LE GISTI
le gisti est une action que soutien le groupe, l'une des causes très importantes auprès de laquelle ils se batent...
(franchement je sais que l'article est un peu long mais prennez la peine de le lire, c'est interressant...)
QU'EST-CE QUE LE GISTI ?
Attention, les propos qui suivent sont tirés du site du gisti !
Le GISTI est une petite association de spécialistes du droit des étrangers qui, depuis sa création en 1972, a pour but d'aider les étrangers et les immigrés par des permanences juridiques gratuites et par son soutien à leurs luttes. Le GISTI publie aussi des ouvrages de droit et des documents pratiques.

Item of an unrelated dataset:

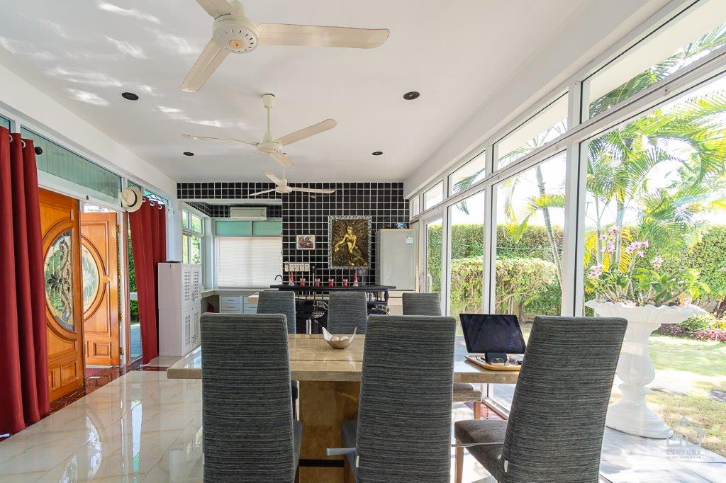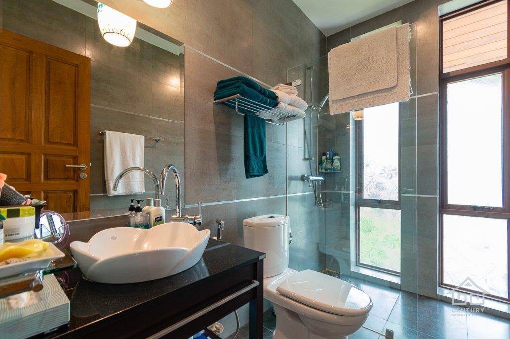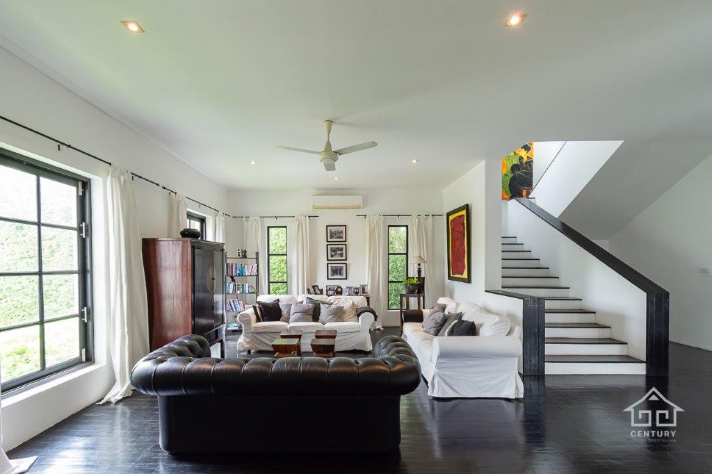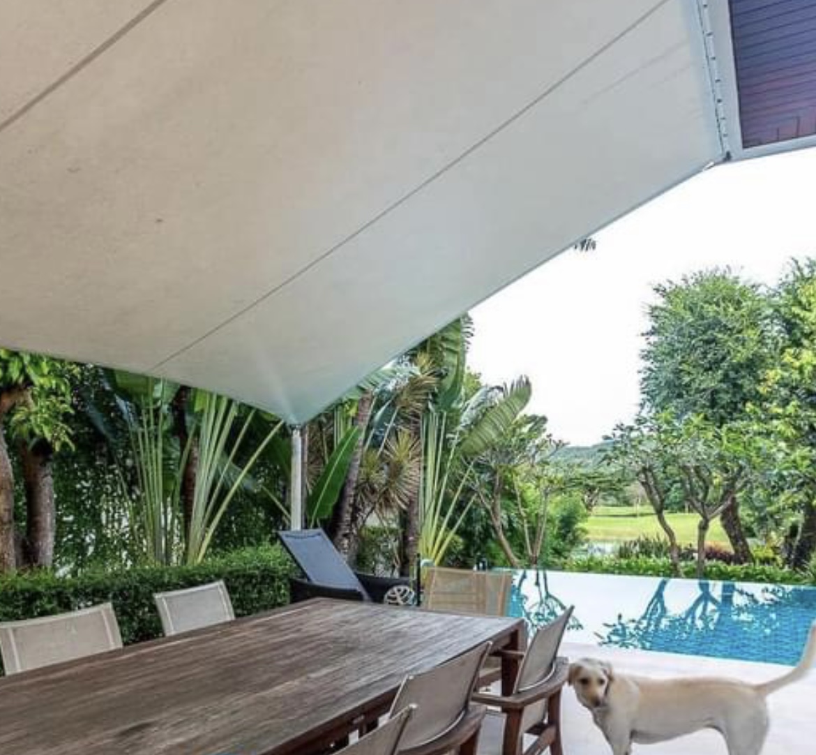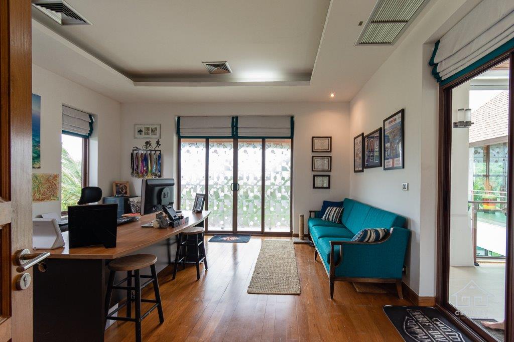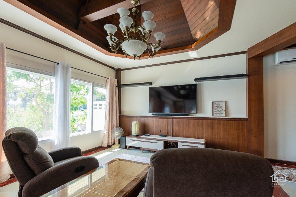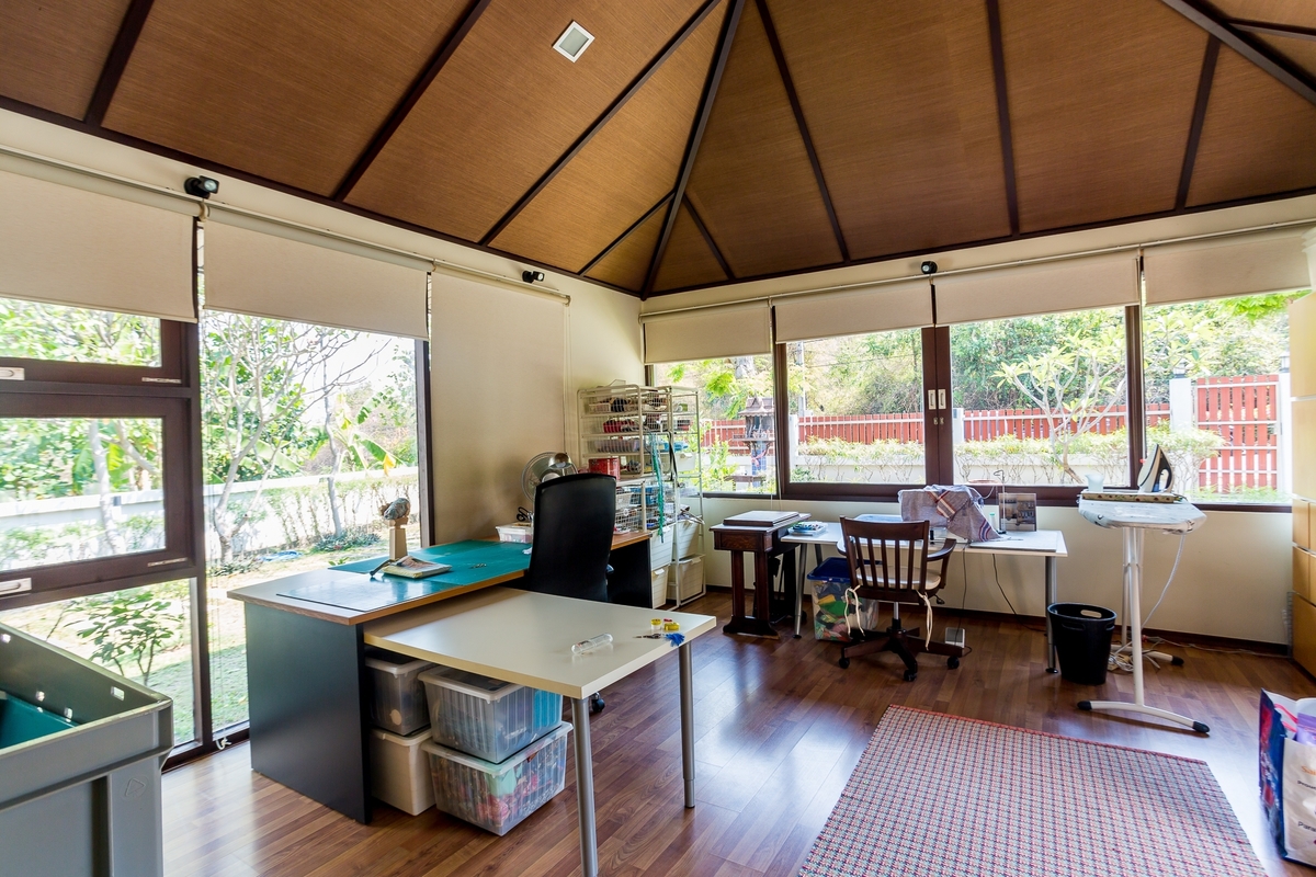 This villa consists of 3 bedrooms in the main house, a seperate 2 bed guesthouse with en-suite bathrooms and a second guest house that has a full kitchen, living room, bedroom and bathroom. There is a garden Sala for chilling where you can see golf hole 7 which is a par 5 and nice square shaped swimming pool. The main house consist of living room , kitchen and office room at the ground floor and the second floor have 3 bedrooms and 3 bathrooms with nice decoration throughout.

Il organise encore des formations au droit des étrangers pour spécialistes et militants.
Pour le GISTI, la liberté de circulation est une sorte de droit naturel. Quoi de plus normal que de pouvoir aller à son gré d'un point à un autre, d'une région à une autre, d'un pays à un autre ?
D'ailleurs, la Déclaration universelle des droits de l'homme, adoptée par l'ONU il y a juste cinquante ans, n'affirme-t-elle pas que " Toute personne a le droit de circuler librement et de choisir sa résidence à l'intérieur d'un État. Toute personne, poursuit-elle, a le droit de quitter tout pays, y compris le sien, et de revenir dans son pays " ? Il est vrai que cette Déclaration ne reconnaît pas pour autant le droit pour chacun d'entrer librement dans tout pays.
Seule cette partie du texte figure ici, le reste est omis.